Con el único sueño de poder dormir y tomar un sorbo de té, la reclusa exhausta, acosada y mugrienta se convierte en barro maleable a manos de los guardas, quienes nos ven únicamente como obreras sin sueldo. En junio de 2013, mi salario mensual fue de cincuenta centavos.
Las condiciones sanitarias de la cárcel están calculadas para que los prisioneros se sientan como animales sucios e impotentes. La colada se hace una vez por semana, en un cuartucho con tres grifos de los que sale un hilillo de agua helada. Se nos permite lavarnos el pelo una vez por semana. No obstante, a veces se cancela, como cuando se obstruye el desagüe o se corta el suministro. En algunas ocasiones, estábamos sin poder ducharnos durante dos o tres semanas.
Cuando las tuberías se atascan, la orina se desborda y las heces salen disparadas desde las letrinas. Aprendemos a desatascarlas nosotras mismas, pero el arreglo dura poco y vuelven a estropearse otra vez. La prisión no cuenta con el material necesario para repararlas. (p. 168-169)
Nadya tenía la suerte de ser un personaje público. A pesar del intento de hacerla desaparecer, muchos activistas de todo el mundo presionaban, en la capital y junto a la cárcel, para denunciar su situación.
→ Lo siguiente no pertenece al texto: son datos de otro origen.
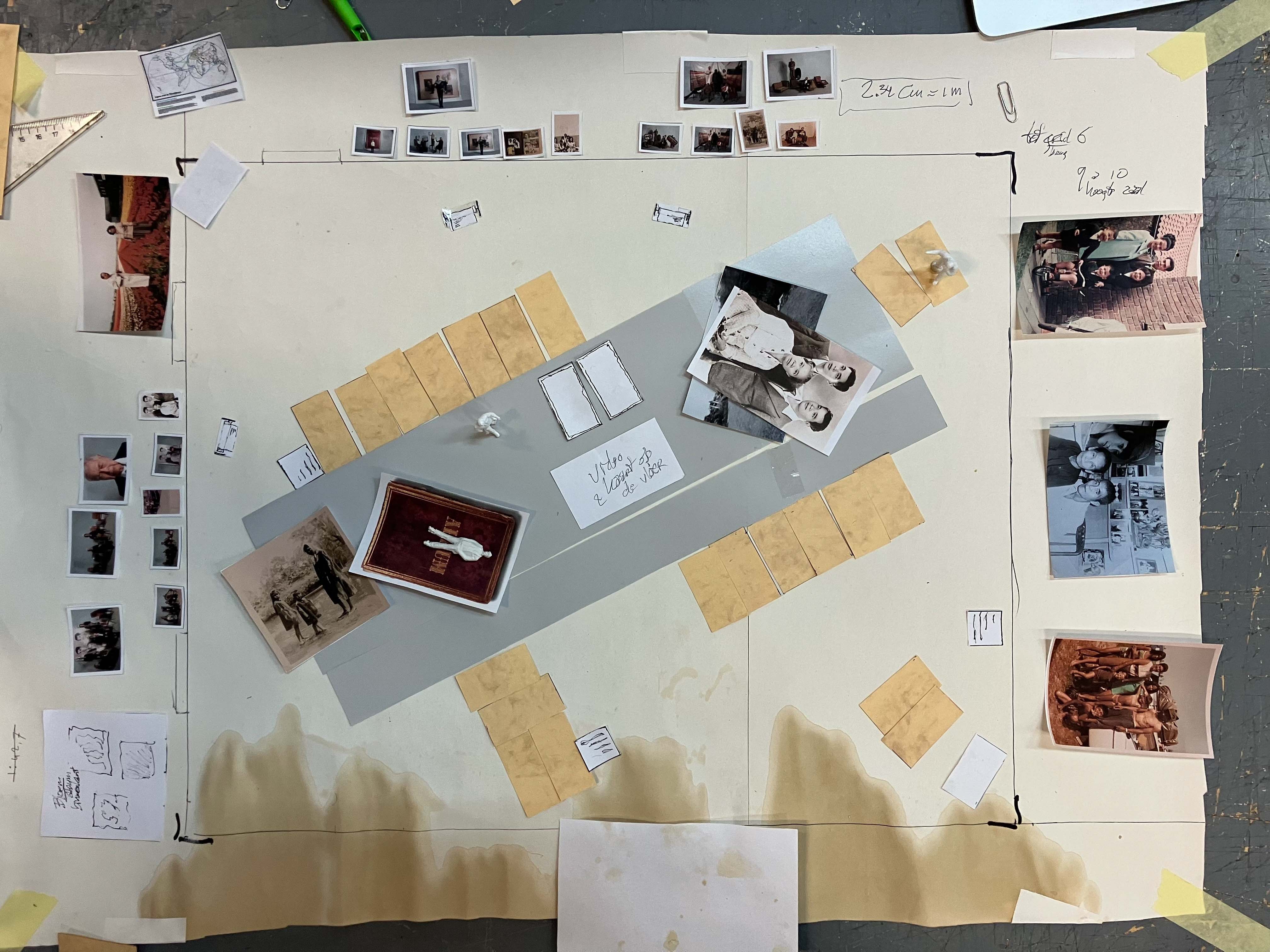 Hier ook een schets van de opstelling voor de afsluiting van donderdag 15 januari 2026 in de Academie voor Theater en Dans. We omringen ons weer met foto’s en decor van Asian Celebration, doen daaruit stukken. We wisselen veel uit. In Asian Celebration keken we naar de familieverhalen van een aantal Aziatische dansers, en zijn de biologische families van deze dansers gefotografeerd door beeldend kunstenaar Michiel Voet.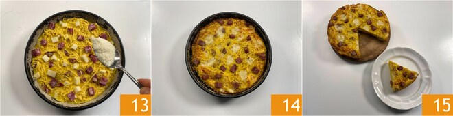 Nivela la mezcla y añade encima los cubos de salami y queso restantes. Espolvorea con el Parmigiano Reggiano DOP rallado 13. Cocina en horno estático precalentado a 200° durante unos 20-30 minutos. Si es necesario, activa el grill durante unos minutos para dorar aún más la superficie. Saca del horno 14 y sirve tu pizza de tallarines caliente o a temperatura ambiente 15!

Después de una huelga de hambre, las autoridades temieron que su muerte les acarrearía demasiados problemas, por lo que mejoraron sus condiciones, la trasladaron varias veces, y acabaron amnistiándola junto a otras de sus compañeras. El resto de prisioneras anónimas sigue en aquel infierno.
Yo me quedé pasmada cuando oí hablar a Nadya en la entrevista que le hizo Sandra Sabatés para El Intermedio en octubre de 2018. Lo que más impresiona de alguien que explica unas vivencias como ésas es que lo haga con una sonrisa y con ganas de seguir luchando. Tanto ella como otros activistas han seguido sufriendo ataques por parte de las autoridades; es la misma Rusia de Putin, que sigue atornillado al poder con sus petróleos, sus gases, sus ejércitos y sus amistades con presidentes varios. No quiero caer en la trampa de hacer de Nadya una mártir o elevarla a los altares; seguro que no es perfecta y que ha cometido errores y tomado decisiones equivocadas, seguro que también arregla su versión de la historia para no quedar mal en ella. Pero sé que lo que explica en los párrafos anteriores es verdad, y esa es una verdad que no se puede cuestionar. Y sé que si miramos para otro lado, el mundo entero será un día como esa prisión.